On May 9, 2013, at 6:57 PM, Graham Cox <graham....@bigpond.com> wrote:

> a) the data model explicitly calls a method of the controller to tell it 
> about a change. This isn't great, because it sets up a strong dependency 
> between the data model classes and the controller class(es).
> a+) the data model declares an informal or formal protocol that some 
> designated object (called a delegate, and this could be your controller) can 
> implement. The data model calls these delegate methods for certain specific 
> activities. This is really just a more elaborate form of a), which is why I 
> call it a+, though with care it can be more generic and anonymous, and 
> therefore can have better decoupling than a.

Delegation is the tool I reach for most often for this type of communication. 
It avoids tight dependencies because the model doesn’t know about the 
controller, it just specifies what messages its delegate should understand. I 
find this style conveys a lot of information to someone reading the code, 
because it formalizes the “outgoing” API of the model class, and also makes it 
very clear what the parameters and their types are.

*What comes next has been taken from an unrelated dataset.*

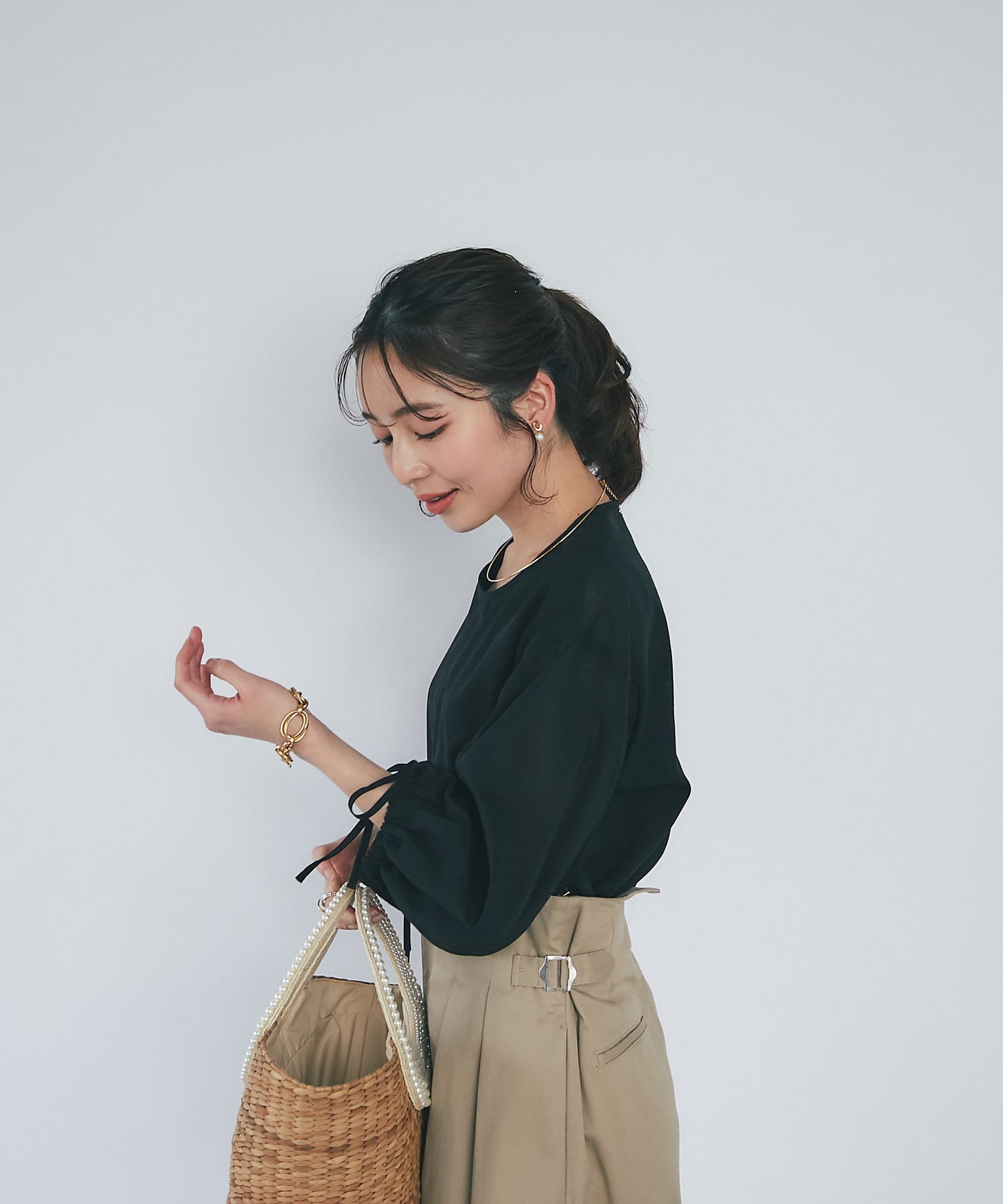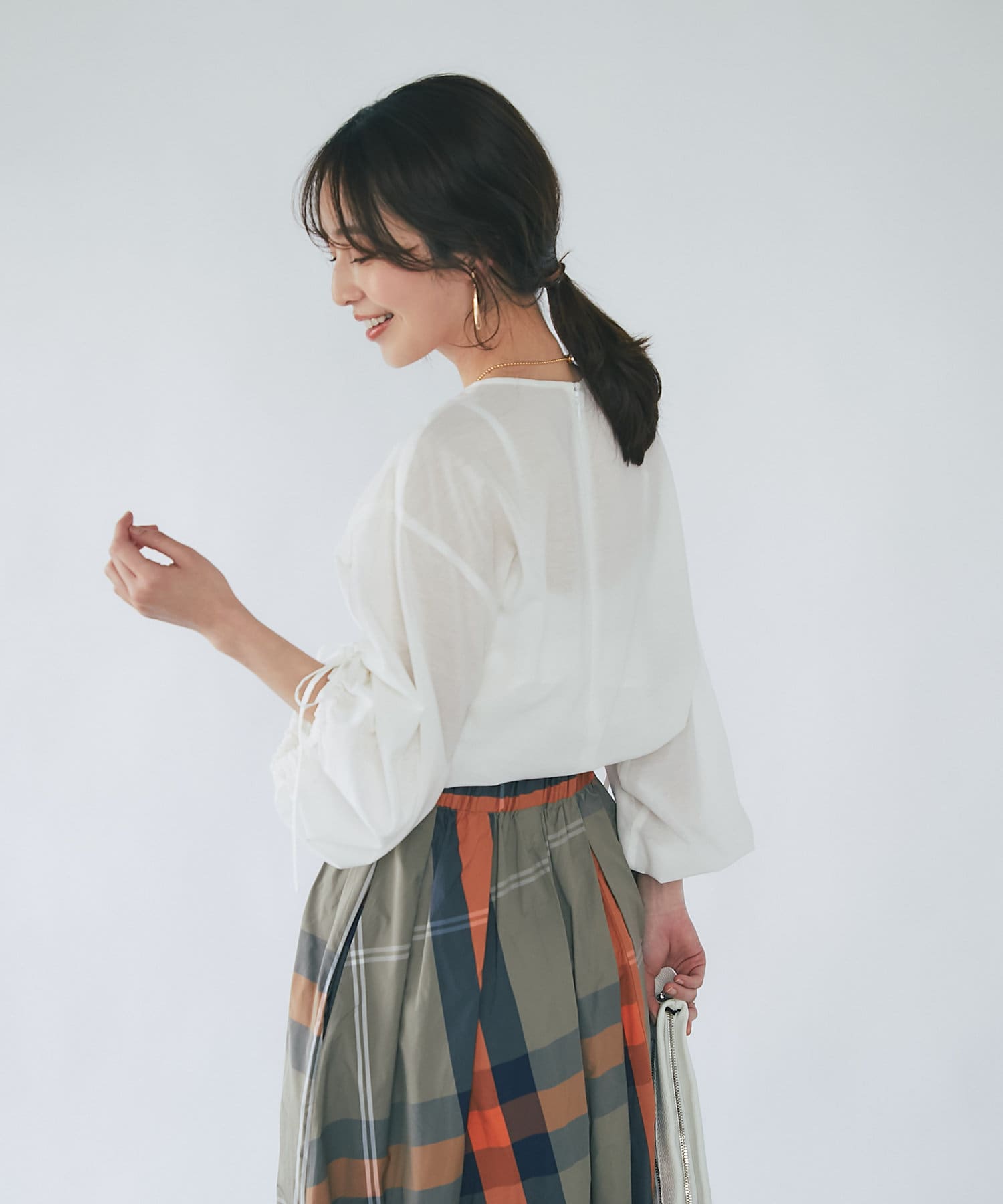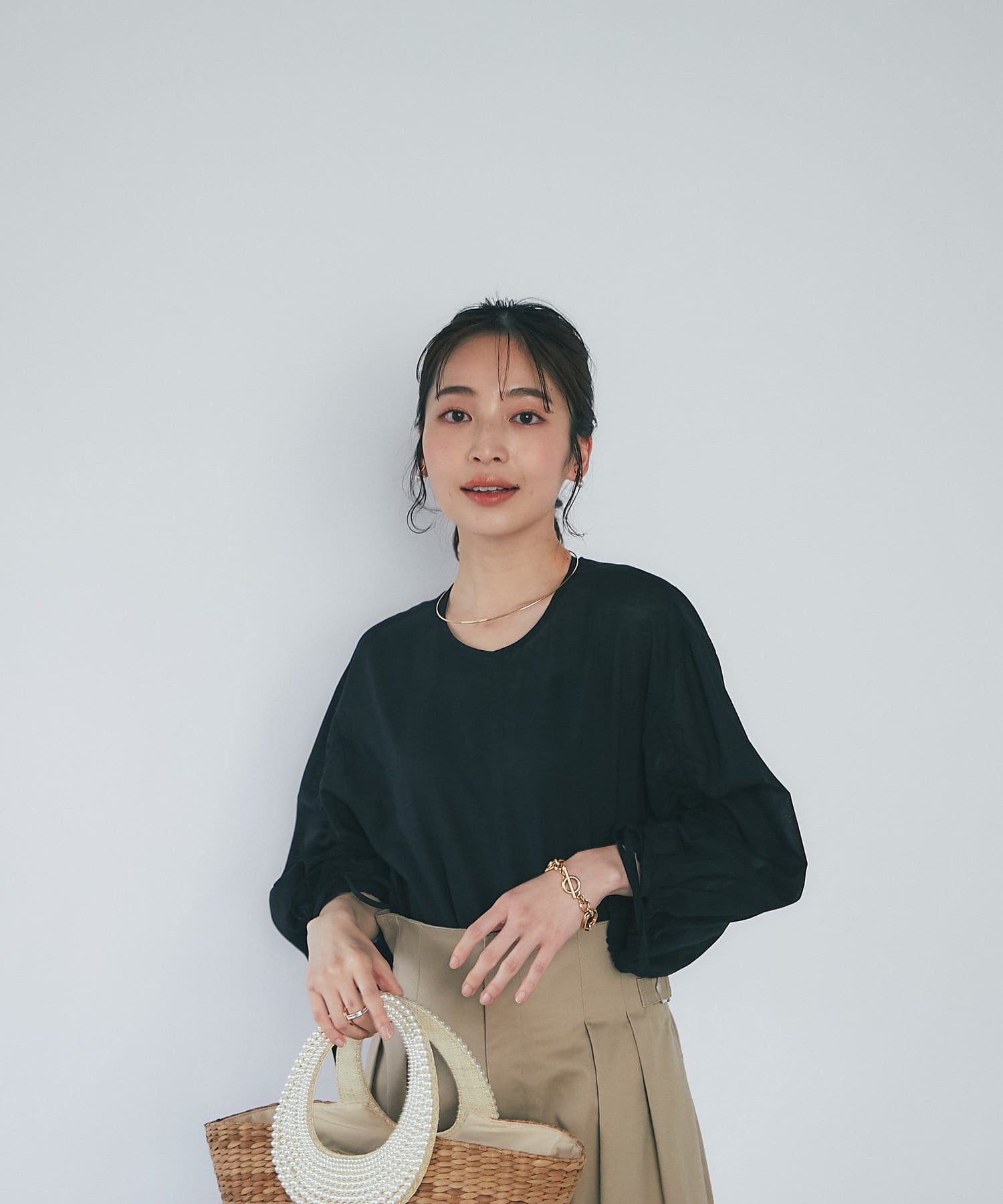 スカートに合わせたフェミニンスタイルはもちろん、

This pattern is used all over Cocoa, especially in UIKit and AppKit, so there 
are tons of examples in the system headers. (For example, look at 
NSURLConnectionDelegate.) One gotcha to be aware of is that the reference from 
the model object to its delegate should be weak, i.e. unretained, to avoid 
setting up reference cycles.

The drawback is that it’s a to-one relationship: a model object can have only 
one delegate, unless you put some work into supporting a collection of them. 
Generally, once you have a need for multiple observers to know about changes to 
one object, you reach for the NSNotification or KVO hammers instead.